Goal of the exercise:
Repeat the lines below exactly as written, please, from the line with "et déjà prévus." to the line with "Оружие Бронзового века", both lines included, and no others.

Source data:

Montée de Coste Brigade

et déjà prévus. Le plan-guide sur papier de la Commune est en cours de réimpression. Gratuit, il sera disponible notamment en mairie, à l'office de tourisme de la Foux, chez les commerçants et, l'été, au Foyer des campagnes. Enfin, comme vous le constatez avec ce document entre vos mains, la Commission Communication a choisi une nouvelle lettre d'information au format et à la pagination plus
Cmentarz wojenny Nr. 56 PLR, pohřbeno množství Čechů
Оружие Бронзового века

---

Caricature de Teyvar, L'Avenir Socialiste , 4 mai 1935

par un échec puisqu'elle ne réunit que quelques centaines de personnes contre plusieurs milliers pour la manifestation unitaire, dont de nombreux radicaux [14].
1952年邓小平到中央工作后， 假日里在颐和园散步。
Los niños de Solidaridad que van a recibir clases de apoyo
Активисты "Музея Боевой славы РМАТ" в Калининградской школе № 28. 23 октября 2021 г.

Task result:
et déjà prévus. Le plan-guide sur papier de la Commune est en cours de réimpression. Gratuit, il sera disponible notamment en mairie, à l'office de tourisme de la Foux, chez les commerçants et, l'été, au Foyer des campagnes. Enfin, comme vous le constatez avec ce document entre vos mains, la Commission Communication a choisi une nouvelle lettre d'information au format et à la pagination plus
Cmentarz wojenny Nr. 56 PLR, pohřbeno množství Čechů
Оружие Бронзового века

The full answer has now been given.